◆ What you have to do: The listing below holds pictures; exclude them. Return exactly the lines from the one with "aparte tomé mi" through the one with "Rum Reggae short".

◆ Source information:
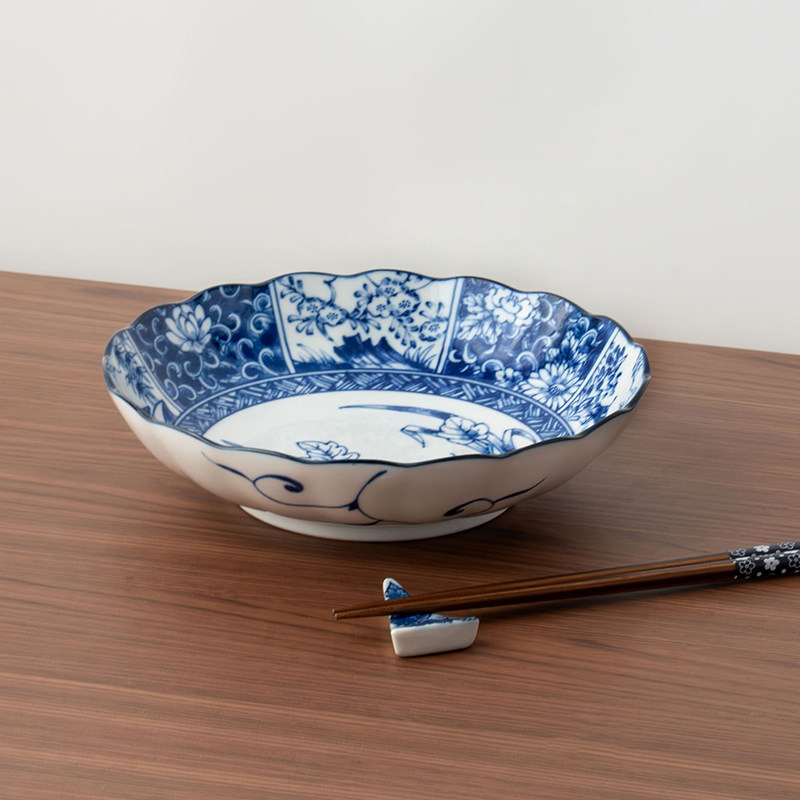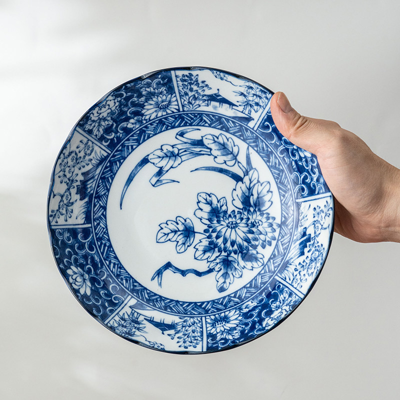 美浓烧间取草花唐草8.0英寸深盘家用餐具装菜盘子大容量釉下餐具
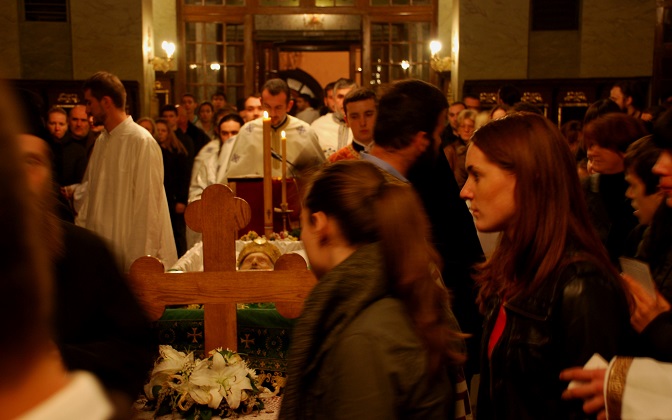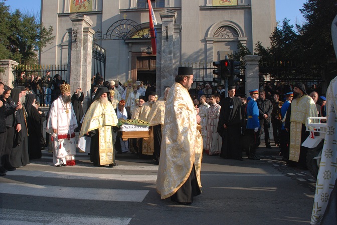 Али најпре ово. Дан уочи сахране, касно поподне 18. новембра 2009, тело Патријарха још увек је било у београдској Саборној цркви изложено за поклоњење и целивање. Био сам са другарицом у реду који се простирао, чак, и у Кнез Михаиловој улици. После скоро седам сати чекања и померања мало-помало, у сумрак дана ушли смо у цркву. Осећао се свуда пријатан мирис тамјана. Његово тело је било изложено ближе улазним вратима, а река народа му се побожно клањала и целивала његову одежду. Био је савршен ред и мир, а да није било неких ванредних интервенција оних који су дежурали унаоколо. Претежно су то били ђакони и студенти Православног богословског факултета. Све време и напољу је такође било све у најбољем реду. Када смо изашли из цркве већ је био мркли мрак. Иако смо дуго чекали нисмо осећали умор, чак ни жеђ, а о осећају глади није било ни говора.
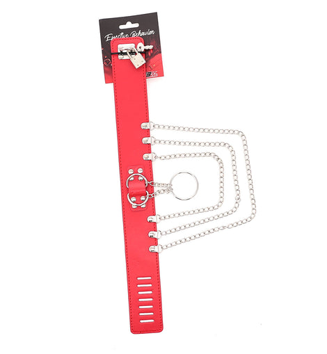 This red collar with chain is designed for adult use, combining style and functionality. Crafted for durability and comfort, it offers secure restraint while enhancing intimate experiences. Its bold color and sturdy chain make it a versatile accessory for those exploring power dynamics safely and confidently.
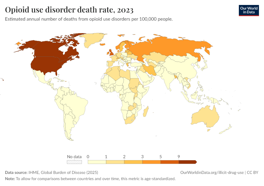 IHME, Global Burden of Disease (2025) – with major processing by Our World in Data. “Opioid use disorder death rate” [dataset]. IHME, Global Burden of Disease, “Global Burden of Disease - Deaths” [original data]. Retrieved March 2, 2026 from https://data-wdi-depsupdate.owid.pages.dev:8789/20260211-174736/grapher/death-rate-from-opioid-use.html (archived on February 11, 2026).
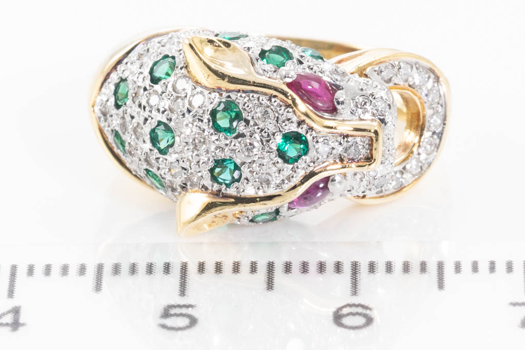 Ruby, Emerald and Diamond Panther Ring
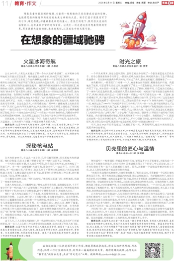 想象是童年最斑斓的翅膀,它能将一枚粗糙的贝壳打磨成友谊的信物,也能将思维的触角伸向遥远的未来与神秘的火星。孩子们基于想象而写下的习作,难免稚嫩,却蕴藏着最珍贵的童心。在他们的笔下,既有指尖流淌的温情匠心,也有星辰宇宙的奇伟冒险。让我们一同走进这些用想象构筑的世界,那里藏着大海的馈赠、未来的奥秘,以及成长中的无限可能。
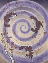 鎌鼬 The mountainous regions of Yamanashi, Nagano, and Niigata are known for a particularly dangerous kind of itachi. In these areas, grandparents warn their grandchildren to beware of kama itachi, or “sickle weasels.” These itachi have learned to ride the swirling whirlwinds of this cold region. They have claws that are as strong as steel and as sharp as razors. Their fur is spiny like a hedgehog, and they bark like a dog. They move so quickly that they are invisible to the naked eye, and they come and go with the wind. Kama itachi travel and attack in threes, striking out at people from thin air. The first kama itachi slices at its victim’s legs, knocking him to the ground. The second one uses its fore and hind legs to slice up the prone victim with thousands of dreadful cuts. The third one then applies a magical salve which heals up the majority of the wounds instantly, so that none of them proves fatal. It is said that the Kama itachi strikes with such precision that it can carve out entire chunks of flesh from its victims without causing even a drop of blood to be spilled. The attack and the healing happen so fast that the victim cannot perceive them; from his perspective he merely trips and gets up with a bit of pain and a few scratches here and there. One theory about the kama itachi’s origin is that it is only a joke: a play on words based on a sword fighting stance known as kamae tachi. However, legends of invisible beasts that ride the wind and attack humans in a similar manner are found in all regions of Japan, and the sickle weasel remains a popular explanation for these incidents throughout the country.
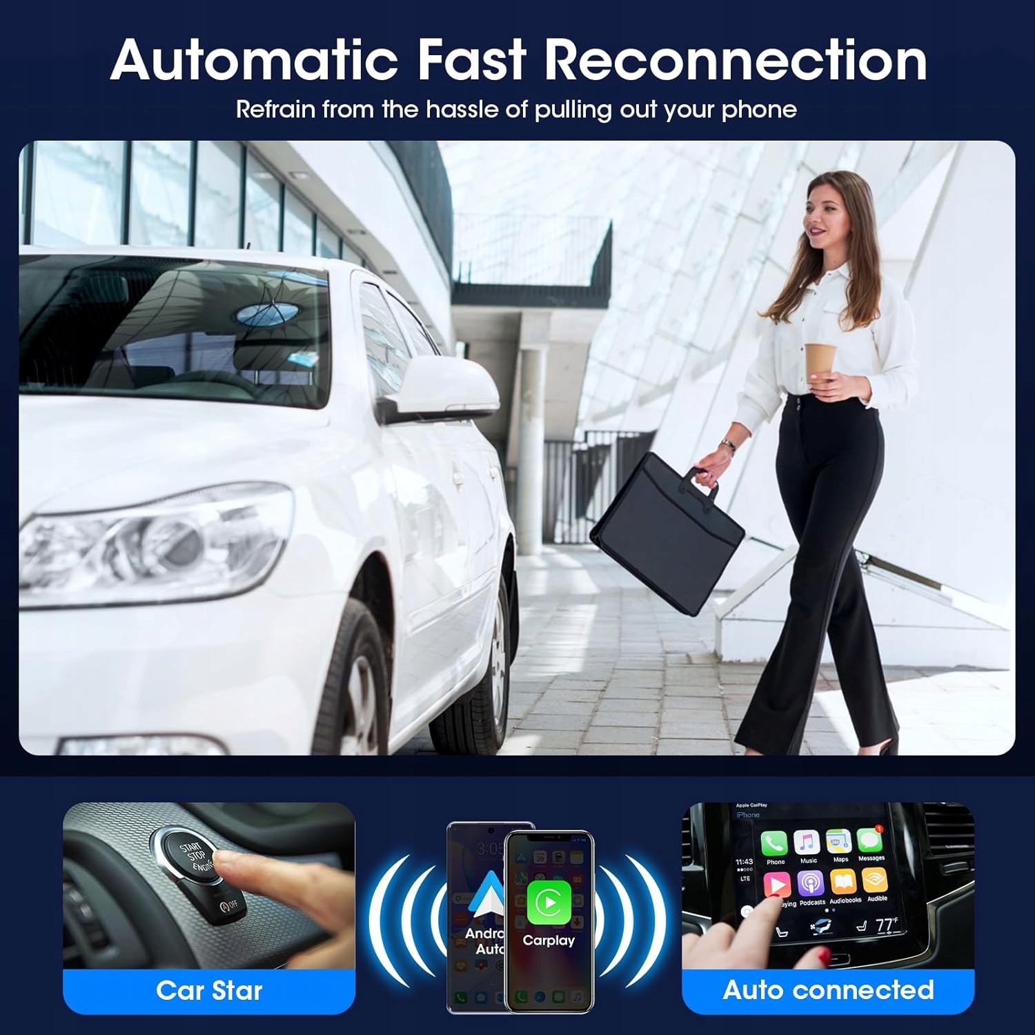 У вас уже є заводські CarPlay або Android Auto, але вам щоразу доводиться підключати телефон кабелем? Цей міні-адаптер Vtopek 2in1 є справжньою революцією для водіїв - підключивши його один раз, ви отримаєте повне бездротове з'єднання з вашим автомобілем. Жодних кабелів, жодного очікування та жодних маніпуляцій. Телефон під’єднується сам – кожного разу, коли ви заводите автомобіль.
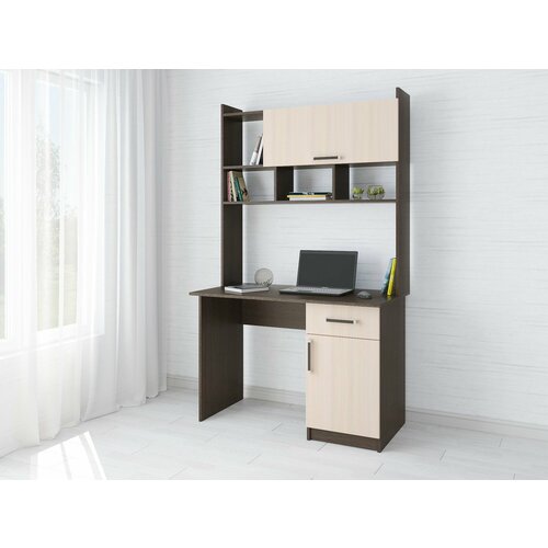 Стол письменный с надстройкой Рокки, ЛДСП, Венге, Лоредо, 80х140х37,2 см, 3 ящика, 2 полки.
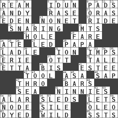 ACROSS 1. 480, 500 or 516 sheets of paper 5. Goddess of spring and wife of Bragi 9. Groovy apts. 13. Actor Griffith 14. To erase 15. Mouths or openings 16. Genesis locale 17. Music written for nine 18. Travel on or in a vehicle 19. Catching in a trap 21. Mountains (abbr.) 22. Hollow 23. Conductor's collection 24. Had dinner 27. Directed 28. Dad 29. Dipping utensil 31. Electrically charged atom 32. Naughty children 36. One of the Great Lakes 37. Baseball player Mel 38. Lie 39. Singer James 40. Again 41. First name in cosmetics 42. Implement 44. White ___ sheet 46. Plant excrement 47. Through, poetically 48. Soap units 50. Ocean 51. Simpletons 54. Having or resembling wings 56. Bobsleighs 58. Allows 60. Thickened enlargement 61. Drop; flow; fall 62. Margarine 63. Colored 64. Uncontrolled 65. Fast planes DOWN 1. Actress Charlotte 2. Extremities 3. Arabian gulf 4. Non-adult bird? 5. Pressed 6. Mild oath, euphamism for damn 7. Purpose 8. Fish or hair follower 9. Likenesses of persons 10. Get up 11. Male parent 12. Compass dir. 17. Mediterranean tributary 20. Hero or heavy, e.g. 21. Atlas unit 23. Air blower 24. Toward shelter 25. Small pie 26. Prepare for publication 28. Plant holder 30. Tough but pliablecoriaceous 31. ___ a Wonderful Life 33. Floor protectors 34. Entreaty 35. Ooze 37. Lubricate 40. Sometimes accompanies a hiss 41. Merit 43. Mouth or opening 44. Tolerated 45. Without 47. Sadhe (variant) 49. Grain storage towers 51. 1994 drama film starring Jodie Foster 52. Snakelike fish 53. Proofreading order 54. Added to 55. Myrna of the movies 56. Compass dir. 57. Cards in a Roman deck? 59. Distress signal
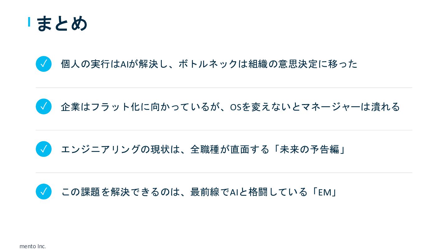 mento Inc. まとめ ✓ 個人の実行はAIが解決し、ボトルネックは組織の意思決定に移った ✓ 企業はフラット化に向かっているが、OSを変えないとマネージャーは潰れる ✓ エンジニアリングの現状は、全職種が直面する「未来の予告編」 ✓
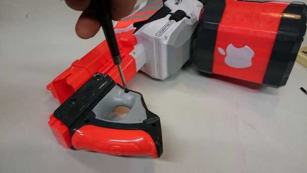 aparte tomé mi pistola de nerf del disco y cambió la posición del resorte de modo que sería más pretentioned y así tener más fuerza.el pic. demostraciones necesitan herramientasPaso 1: primero sacar el tornillos se muestrala caja negra al lado de la
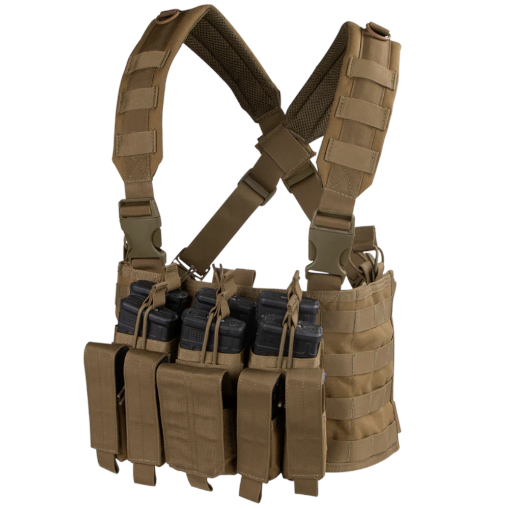 The Condor Recon Chest Rig is designed with built-in stacker/kangaroo style mag pouches to allow the user quick, seamless access to mags for faster reload. The adjustable/removable flaps on the pistol pouches also allow the user to carry a knife, multi-tool, or other small accessories.
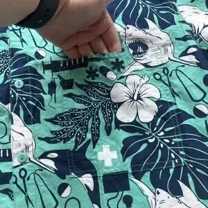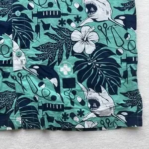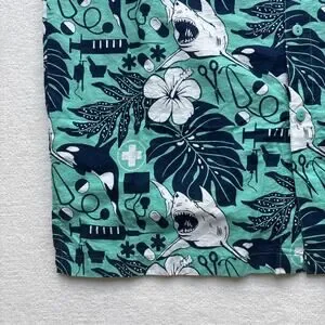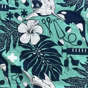 Rum Reggae short sleeve button down shirt features a unique medical-themed tropical print. The teal cotton fabric is covered in a detailed pattern of sharks, orcas, hibiscus flowers, and monstera leaves interspersed with stethoscopes, syringes, pills, and medical crosses. This lightweight shirt includes a single chest pocket and a classic point collar, perfect for healthcare professionals looking for a fun summer style.
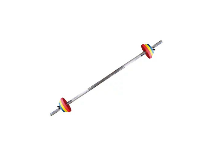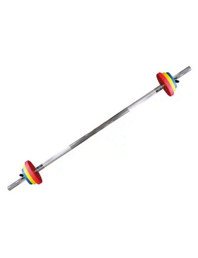 - Barre acier chromée de 1 kg, Ø 28 mm, supportant une charge maximale de 80 kg + 1 paire de stop-disques avec embouts plastifiés.

◆ Answer:
 aparte tomé mi pistola de nerf del disco y cambió la posición del resorte de modo que sería más pretentioned y así tener más fuerza.el pic. demostraciones necesitan herramientasPaso 1: primero sacar el tornillos se muestrala caja negra al lado de la
 The Condor Recon Chest Rig is designed with built-in stacker/kangaroo style mag pouches to allow the user quick, seamless access to mags for faster reload. The adjustable/removable flaps on the pistol pouches also allow the user to carry a knife, multi-tool, or other small accessories.
 Rum Reggae short sleeve button down shirt features a unique medical-themed tropical print. The teal cotton fabric is covered in a detailed pattern of sharks, orcas, hibiscus flowers, and monstera leaves interspersed with stethoscopes, syringes, pills, and medical crosses. This lightweight shirt includes a single chest pocket and a classic point collar, perfect for healthcare professionals looking for a fun summer style.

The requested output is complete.